Epworth to convert for profs

The University will likely turn Epworth Residence Hall into an academic swing space that would temporarily house departments during renovations of their permanent spaces.

Although plans are not final, the new East Campus dorm, which opens in August, will allow Residence Life and Housing Services to find rooms for all incoming freshmen.

Bell Tower Residence Hall, currently under construction, will house 138 beds—more than enough to accommodate Epworth residents and 50 additional freshmen when the Pratt School of Engineering expands its class size this fall.

George McLendon, dean of the faculty of Arts and Sciences, said Epworth was “scheduled to come out of dorm-dom” this year. Given the schedule of impending renovations, the Department of Literature will likely occupy the space next year.

The University has long planned to renovate several of the academic buildings on East Campus. When the Duke University Museum of Art moved out, the building jumped to the top of the renovations list.

The former museum lacks modern amenities such as wireless Internet access, and some of its piping is outdated. Because of the extent of the necessary renovations, the literature department—which occupies much of the building’s first floor—must temporarily move.

Officials considered several options of where to temporarily place the department, but Epworth emerged as the leading venue.

Because of the dorm’s small size—only 52 people live there—the building could be completely converted into office space. Other East Campus residence halls hold about 100 people, and the University would need to continue housing freshmen in some of the rooms, creating split-purpose buildings.

“I don’t know that having the building split up like that would be the best possible community for the hall,” said Chris Ellis, residence coordinator for Epworth. “Also, I don’t know that it would be the best possible community for the department either.”
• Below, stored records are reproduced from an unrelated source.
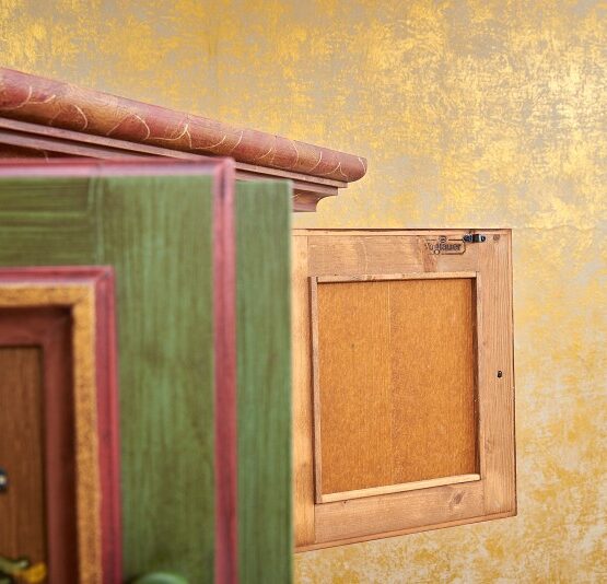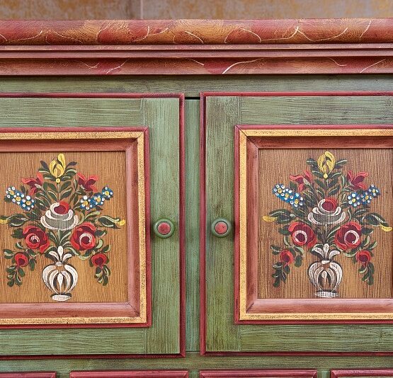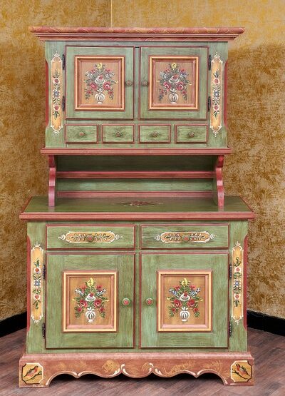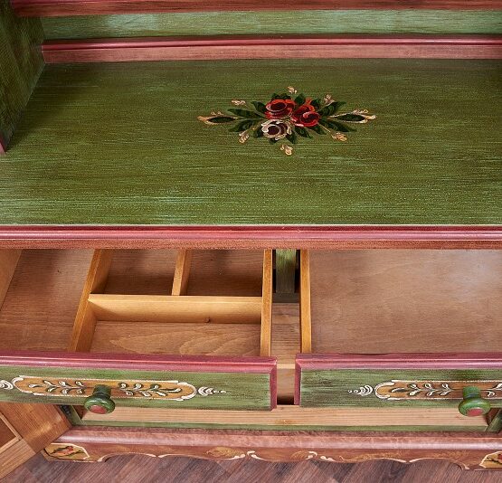 Die kunstvolle Bauernmalerei in harmonischen Farben macht den Schrank zu einem echten Blickfang. Dank seiner durchdachten Aufteilung mit zahlreichen Fächern und Schubladen finden all Ihre Dinge übersichtlich Platz. Ob im Esszimmer, in der Küche oder im Wohnbereich – dieser Buffetschrank fügt sich mühelos in verschiedenste Einrichtungen ein und sorgt für ein stilvolles Ambiente.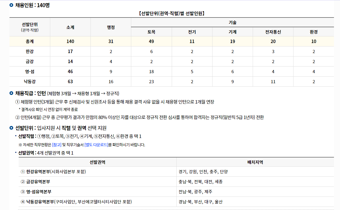 2022년 한국수자원공사 상반기 일반직 신입 인턴사원 일반 공채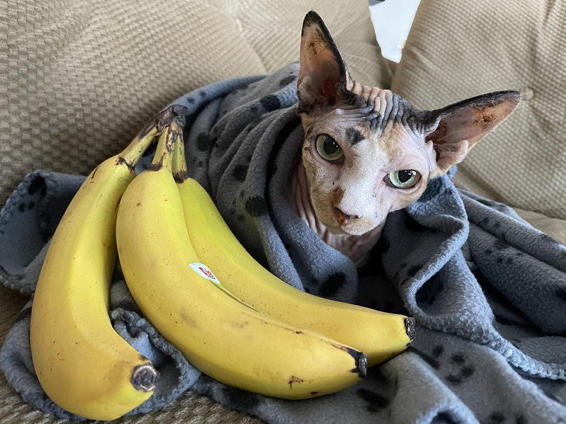 Boo can be so photogenic at times, as she is here posing with some bananas: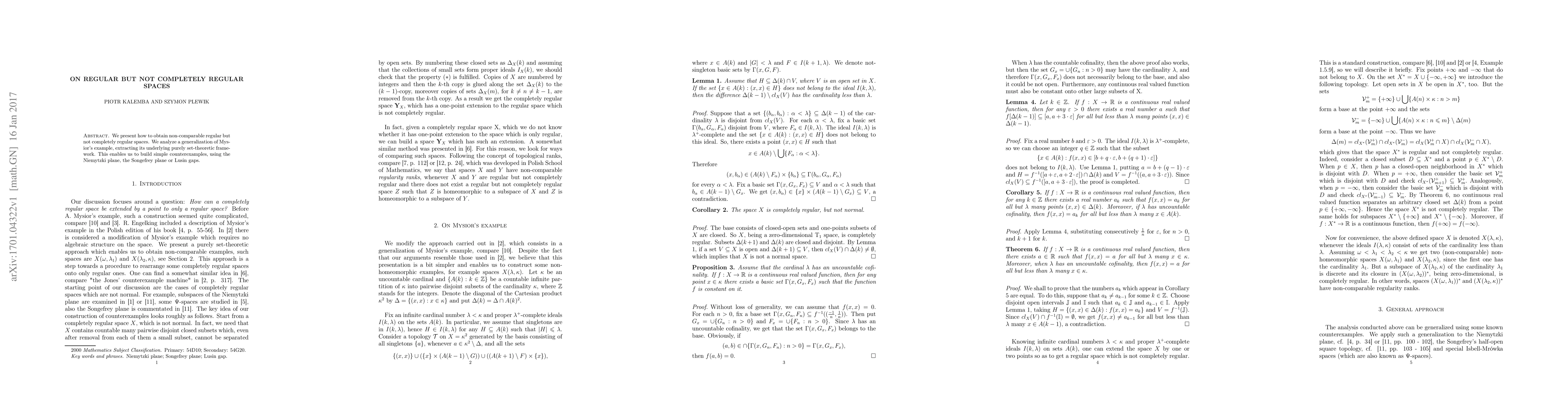 This paper explores the construction of non-comparable regular but not completely regular spaces, generalizing Mysior's example through a set-theoretic framework, and utilizes the Niemytzki plane, the Songefrey plane, and Lusin gaps to create these counterexamples.

Splitting a building between academic and dormitory use would also create security problems. Residence halls limit access by using card swipes, but most office space is open access.

“It just wouldn’t be a secure space—mostly for the residents,” Ellis said.

Current Epworth residents learned of the University’s likely plans Monday night at a house meeting when students began to ask questions about the dorm’s future. Joe Gonzalez, associate dean of Residence Life and Housing Services, will meet with residents tonight to answer further questions.

Officials are unsure whether Epworth would be used as a dorm again after the literature department moves into its newly renovated space.

“The plan is that it’s going to be a residence hall again, but I don’t know when that would be decided for sure,” Gonzalez said. “There would probably be discussions that need to occur when the literature department is ready to leave about whether that is what is appropriate for the building.”

Epworth, one of the oldest dorms on East, needs extensive infrastructure upgrades, such as new plumbing.

McLendon said the University might have a need for permanent academic swing space, and Epworth would serve that need well.

So far, however, RLHS has planned for Epworth to continue as a dormitory.

Bell Tower was built large enough to allow RLHS some “wiggle room” when assigning housing, Gonzalez said. But the size assumed the 52 beds in Epworth would still exist.

RLHS also recognized the notoriously tight community that Epworth creates, and Gonzalez said any changes would stem from University needs rather than a desire to eliminate Epworth.

“It seems to work very well as a residence hall because the community that has been forming there has been great,” he said.